Cet été, après des mois de critiques du vérificateur, le ministre Bolduc a décidé de changer la «gouvernance» du projet. Issus du secteur privé, le consultant André Simard et une demi-douzaine de ses collaborateurs ont été mis sur une voie de garage. Depuis l'été, bon nombre de ces contrats de consultants n'ont pas été renouvelés une fois terminés.

Selon le ministre de la Santé, Yves Bolduc, «le projet va bien... contrairement à la perception». Il contredit le vérificateur général; il était prévu dès le début que le projet pilote serait prolongé. «On se rend compte qu'il y a des retards... j'avais dit 2011, cela peut être à la fin de 2010», précise le ministre.

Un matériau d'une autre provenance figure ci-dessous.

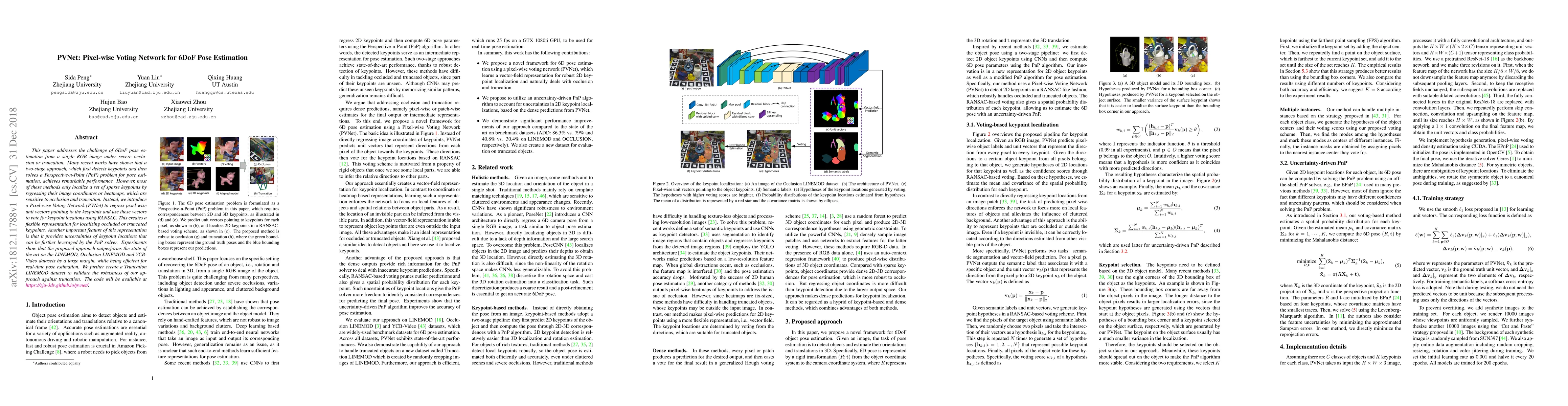 The PVNet introduces a pixel-wise voting mechanism for 6DoF pose estimation from single RGB images, leveraging pixel-wise unit vectors to localize occluded or truncated keypoints, and outperforms existing methods on various datasets. This approach is efficient and provides uncertainties in keypoint locations, enhancing real-time pose estimation.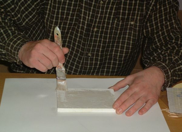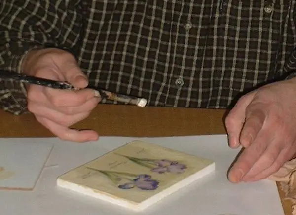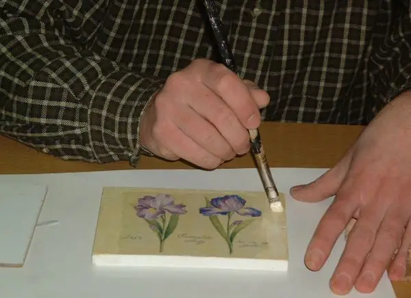 Ez a fólia felszippantja a szalvétát, amit ezután félreteszünk. Ezután a ragasztót ecsettel felkenjük a fatáblára, majd szivacshengerrel szépen egyenletesen eloszlatjuk a felületen. Ez azért fontos, hogy ne legyen sok ragasztó a szalvéta alatt! Ezután a fóliával együtt ráhelyezzük a szalvétát a beragasztózott felületre, pontosan oda, ahová elterveztük.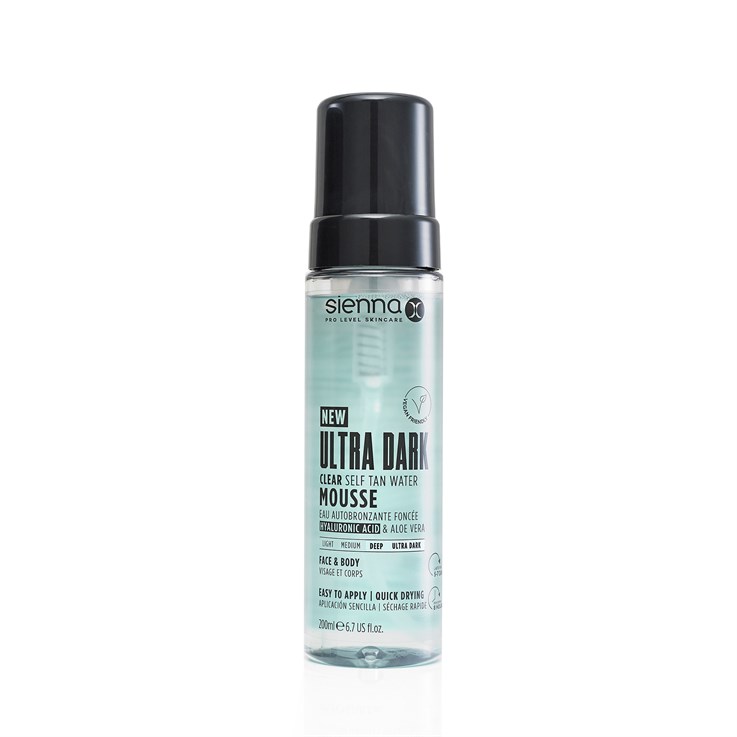 Sienna X Ultra Dark Clear Self Tan Water Mousse 200ml develops into a deep, natural-looking tan that enhances your skin tone without appearing orange or uneven. The lightweight formula creates an even, streak-free glow with just one application.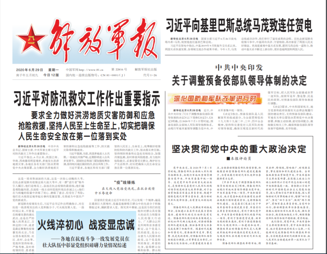 6月28日,新华社发布了一条关于军队改革的消息。主要内容是: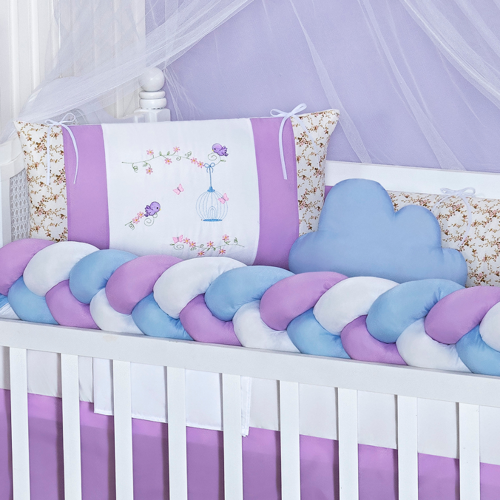 Kit Berço Trança Nuvem Rosa Americano Completo Lençol Berço Protetor Mosquiteiro Almofadas 11 Peças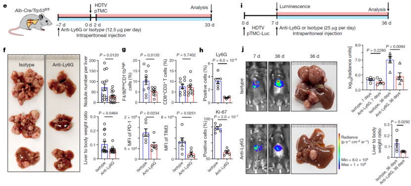图4 Anti-Ly6G抗体去除中性粒细胞可以有效缓解小鼠肝癌生长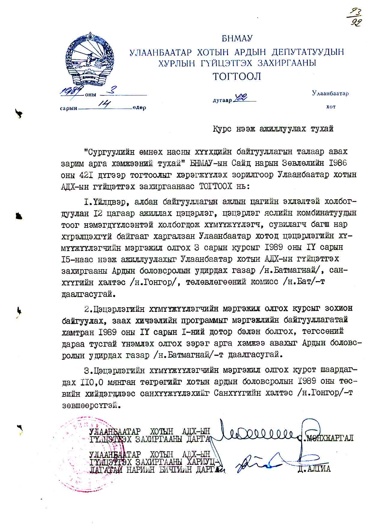 | АДХГЗ-ны тогтоол | 1989-03-14 | 42 | Цэцэрлэгийн хүмүүжүүлэгчийн мэргэжил олгох курс |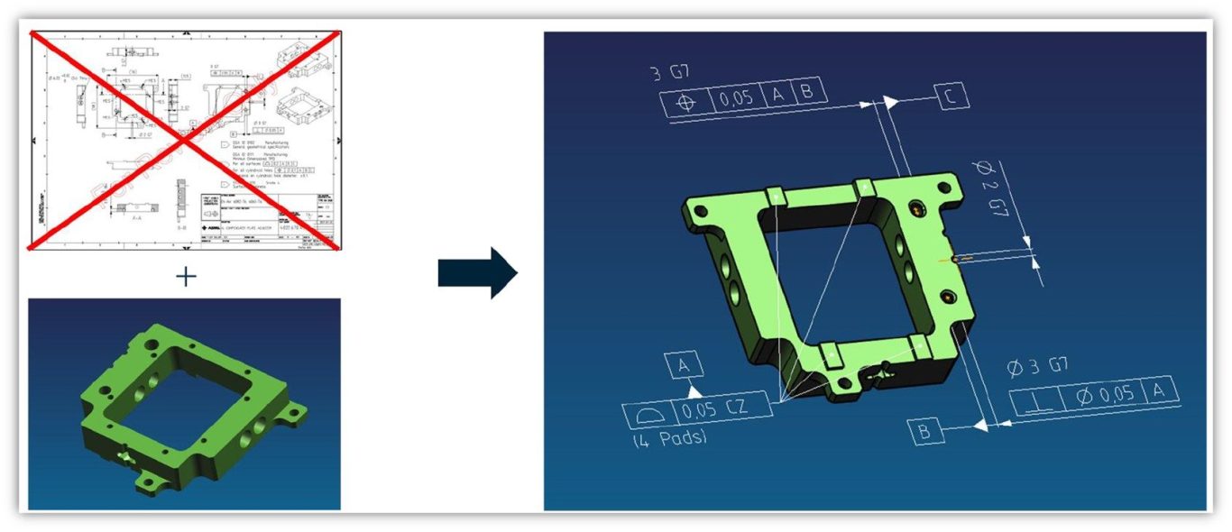 - MBD verrijkt productdefinities (zoals 3D CAD-modellen) om de resultaten van downstream-applicaties te versnellen en te verbeteren.
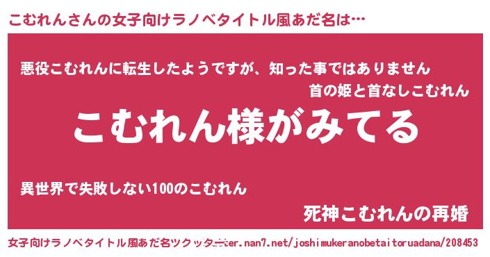 | 意味不明あだ名 | 『とにかく怪しいこむれん』 |

En commission parlementaire, le sous-ministre avait soutenu que la banque de données serait disponible partout en 2011, mais «selon une géométrie qui pourrait varier selon la région». Pour lui, le niveau de débours d'Ottawa ne témoigne pas de l'avancement du dossier; des débours importants sont à prévoir au moment de la diffusion du logiciel, une opération qui se fera rapidement, explique-t-il.

«On s'en va dans le mur»

Certains des quatre volets ont bien fonctionné, l'informatisation de l'imagerie médicale est avancée. La base de données sur l'utilisation des médicaments est aussi en bonne voie. Devant la commission, mercredi, le sous-ministre Cotton expliquait candidement qu'il était «apparu nécessaire d'inverser l'approche globale» et de présenter plutôt «un portefeuille de projets».

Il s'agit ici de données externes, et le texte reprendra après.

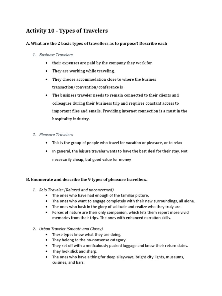 Activity 10 - Types of Travelers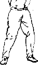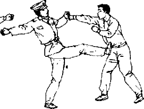 1-甲乙二敌从侧面同时挥拳向我进逼时,我重心迅速右 移,左脚向右侧插步、屈膝、五fit抓地,同时,上体稍仰*避敌攻 势,右脚屈膝提起弹击甲敌腹裆(图630).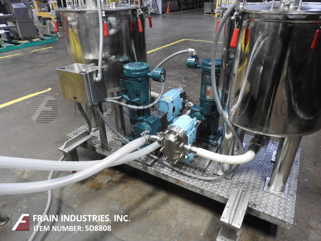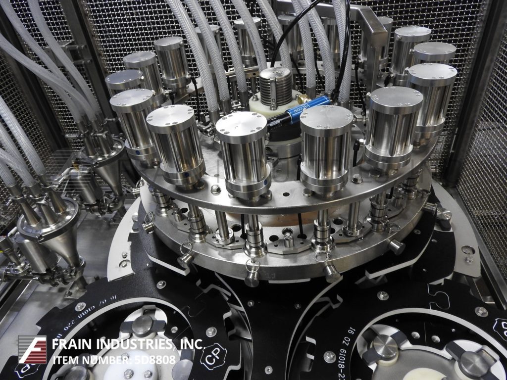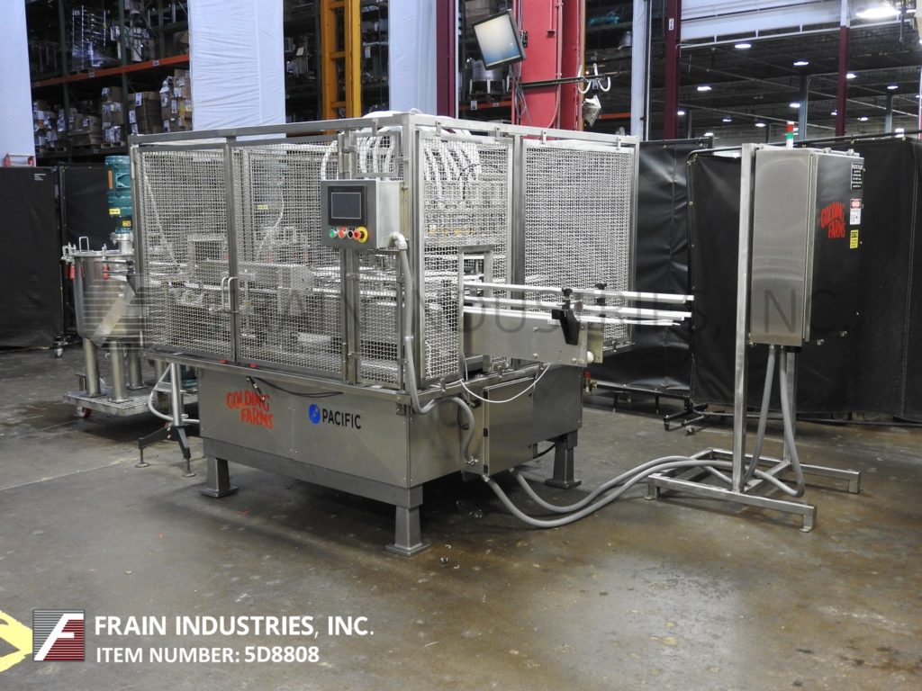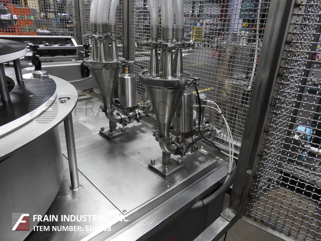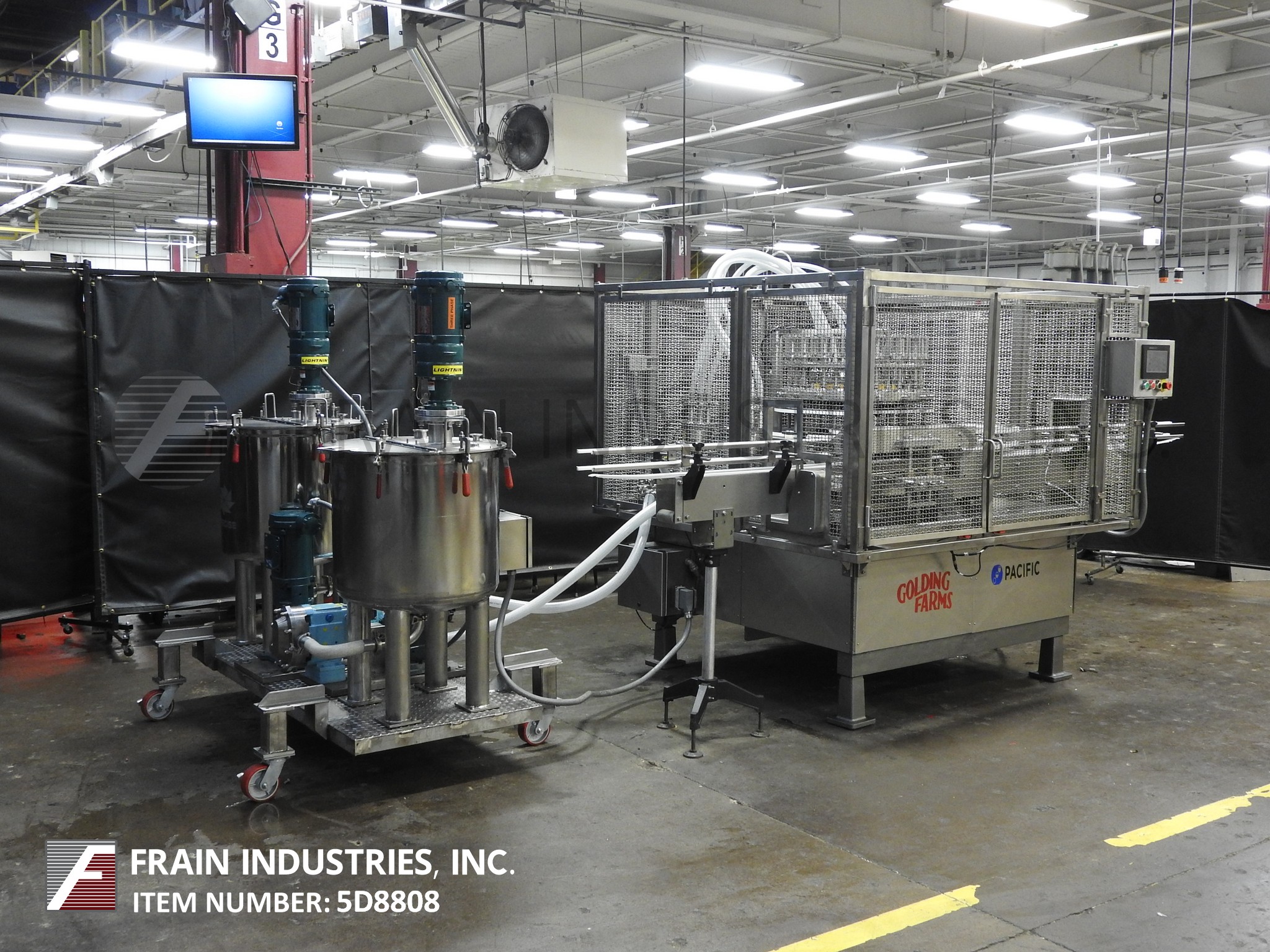 返回所有设备自动,不锈钢,双组分灌装,16头,旋转,积极置换灌装能力50至250瓶每分钟。瓶子:高达4"直径x (6" - 12") H.有6"节距,蜗杆,星轮在饲料/排放,105"长x 3 1/4"W输送机框架,18加仑产品储罐,Waukesha 30产品泵,积极关闭喷嘴。不锈钢接触部件。最后一瓶16盎司的沙拉酱。

Selon Bernard Drainville, critique péquiste à la Santé, «c'est bien évident que ce projet s'en va direct dans le mur. Bientôt on va parler d'un CHUM informatique». «On nous avait promis une auto fonctionnelle, on se retrouvera avec des pneus et des pièces détachées», résume-t-il. Depuis des mois, M. Drainville soutient que projet va dépasser le milliard, «il n'y a plus d'échéancier précis et, à partir de ce moment, cela devient un bar ouvert», prévient-il. Il salue la décision de «sortir les consultants externes pour reprendre le contrôle du projet».

En entrevue à La Presse, la présidente de l'AQESSS, Lise Denis, a reconnu que tout le réseau était perplexe devant cette aventure. Le DSQ a été lancé essentiellement parce qu'il y avait des fonds fédéraux disponibles, «s'il n'y avait pas eu d'argent fédéral, je ne suis pas certaine qu'on aurait commencé par là. C'est parti d'en haut vers le bas», déplore-t-elle.